AI-based reasoning is another AI methodology that is very popular among theoretical scientists. It involves getting the computer to perform logical operations in logical statements.
These are often used to conduct proofs of theorems, which augment the existing scientific knowledge by facilitating research (particularly in Mathematics).
They can also be useful for data science projects, particularly if you make use of a rule-based system. This kind of artificial reasoning can be useful for conveying insights as well as handling high-level administration of data analytics systems in a manner that is easy to understand and communicate with the stakeholders of a project.
Fuzzy logic is a classic AI methodology that is similar to reasoning but involves a different framework for modeling data. Also, contrary to all statistical approaches which are probabilistic in nature, fuzzy logic is possibilistic and involves levels of membership to particular states rather than chance.
Since variable states are not clear-cut in fuzzy logic, there is a sense of realism in how it treats its entities, as we as human beings tend not to see things in black-and-white for everyday things.

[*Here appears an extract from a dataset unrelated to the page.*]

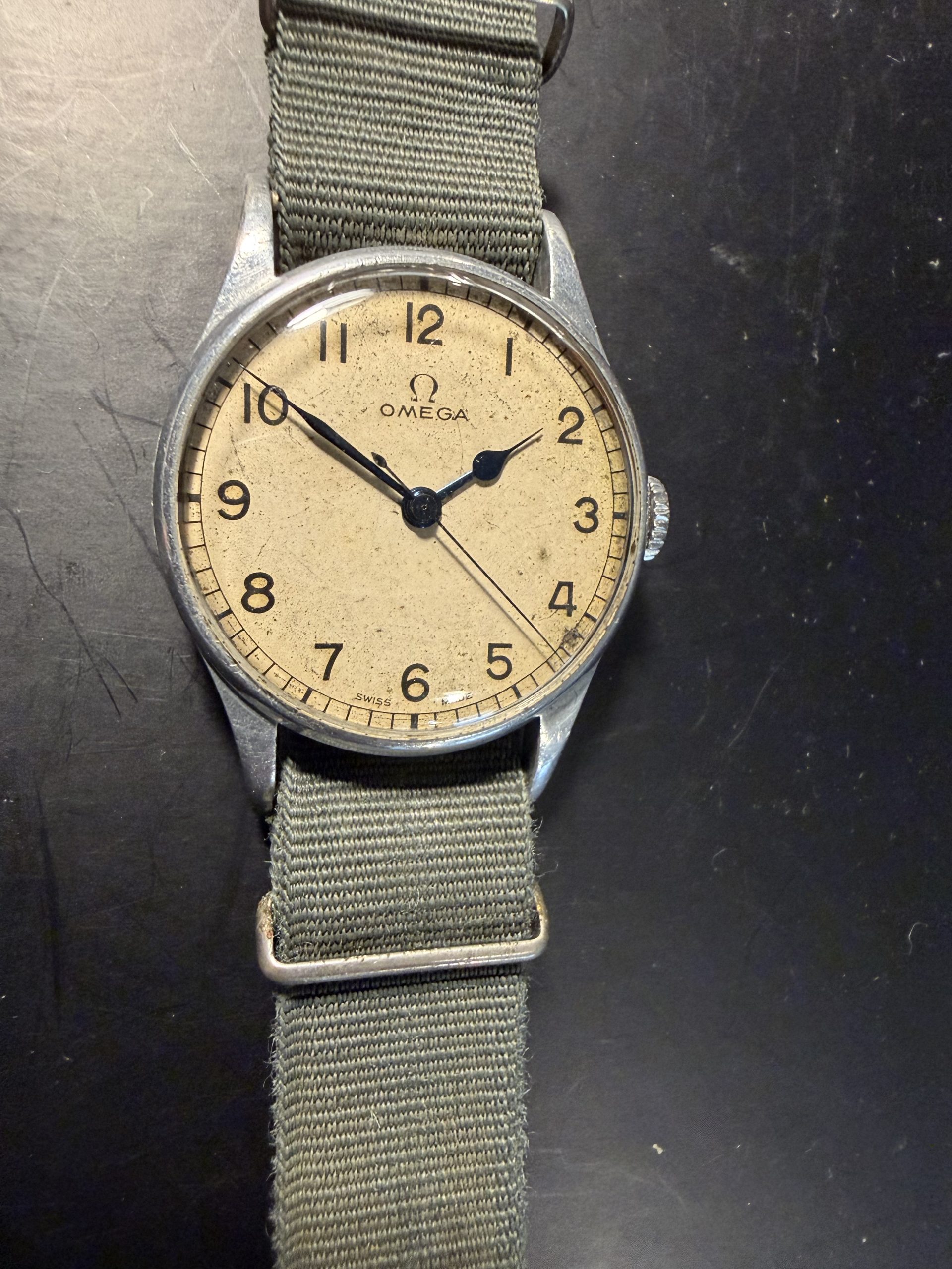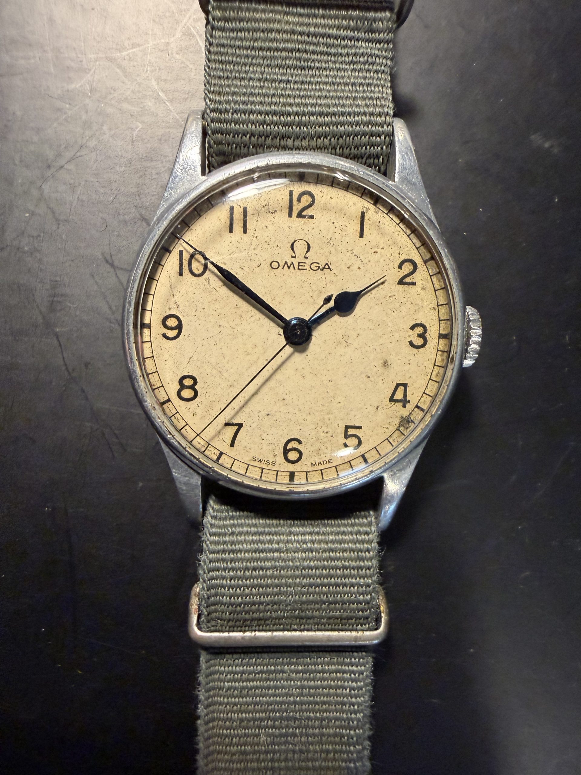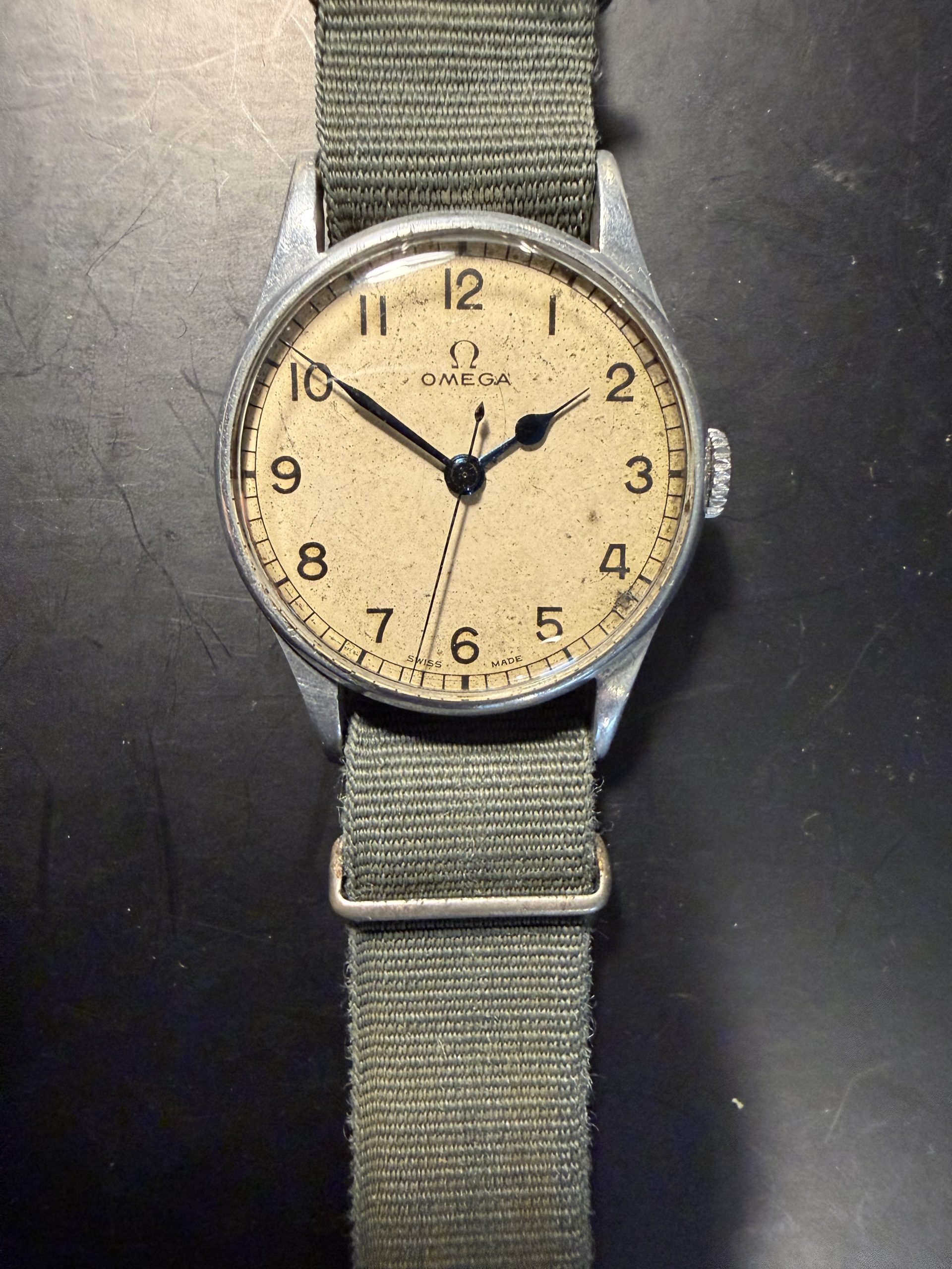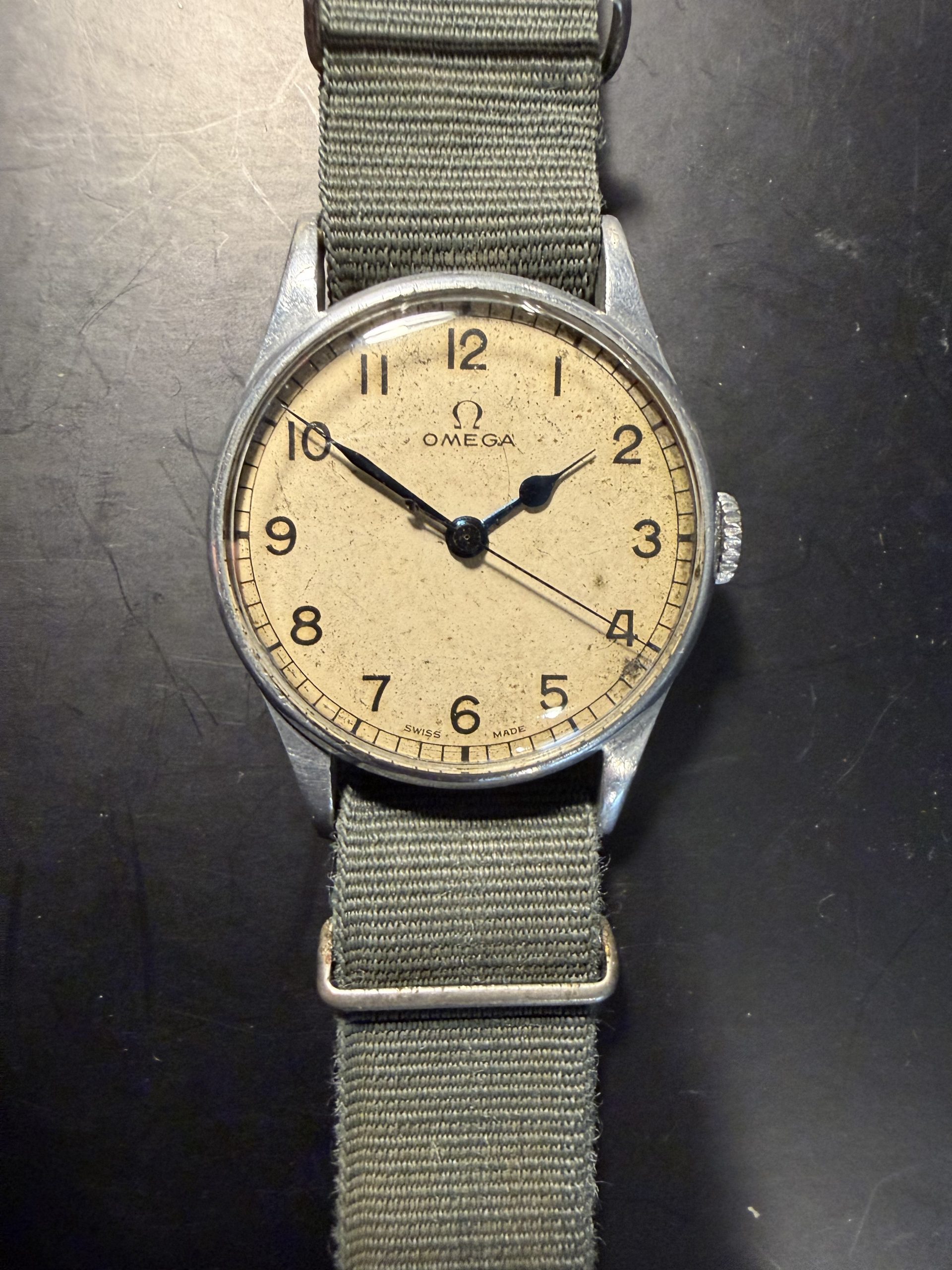 Lovely original military dial signed Omega Swiss Made with original blues-steel hands and correct unsigned winding crown.

Nevertheless, fuzzy logic operators resemble closely the operators of conventional logic, though they employ different approaches to implementing them. No matter, the end result is always crisp, and the whole process of getting there is quite comprehensive, making this framework a very practical and easy-to-use tool.
The main limitations of fuzzy logic are that it ceases to be intuitive when the number of variables increases, and it takes a lot of work to set up the membership functions, often requiring input from domain experts.
Nevertheless, it is a useful methodology to have in mind as it is easy to apply to existing data science systems, such as classifiers, improving their performance.